Loyola has a large, positive presence on Twitter. They were talked about both before and after the game. Most negative tweets were in defense of Sr. Jean or the players, not about other teams which is a great testament to Loyola’s Sportsmanship. They had largely positive emotions associated with most of their tweets.
ggplot(data = emotions, aes(x = emotion, y = percent)) +
geom_bar(stat = "identity", aes(fill = emotion)) +
scale_fill_brewer(palette="RdYlGn") +
coord_flip() +
xlab("Emotion") +
ylab("Percentage")
About 23% of the of the emotions expressed were trusting and a little over 20% were anticipation and joy. There was less than 5% that were showing disgust and less than 7.5% showed anger. All sentiment analysis for Loyola is largely positive.
Have more accounts tweeting about Loyola and Sr. Jean. Retweet more often. While Loyola had a great opportunity, they were outtweeted by U of M because U of M had more accounts dedicated to their team. The sentiment was very positive, so the tweets from March Madness could be incorporated into promotions for upcoming athletic events and promotions to new students. Capitalized on the good PR and use analytics to find all the good comments from people unassociated with Loyola. They have less bias.

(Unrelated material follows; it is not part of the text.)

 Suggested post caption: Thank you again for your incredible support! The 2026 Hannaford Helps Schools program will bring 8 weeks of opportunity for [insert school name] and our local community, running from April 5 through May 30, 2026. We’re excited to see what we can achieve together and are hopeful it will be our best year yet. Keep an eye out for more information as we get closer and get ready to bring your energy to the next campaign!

knitr::include_graphics("imgs/Watson.Activity.PNG")
This image compares the total favoritews, retweets, and replies seen in March 2018. There were significantly more favorites than retweets and replies. This trend shows that people are more likely to engage with tweets in less committal ways (favoriting does not show up on your feed, while replying involves typing a comment back).
knitr::include_graphics("imgs/Watson.Favorite.PNG")
This image compares the March Madness favorites by official, verified accounts and unofficial, unverified accounts over the year thus far. The verified accounts saw much more favoriting activity with the bulk of the favorites occurring in April. Unverified accounts saw much more favoriting in March.
knitr::include_graphics("imgs/Watson3.31v4.1.PNG")
This chart compares the numbers of Favorites, Retweets, and Replies for the day of the Final Four games and the day of the Final Game. The final game saw much more twitter activity than the Final Four game.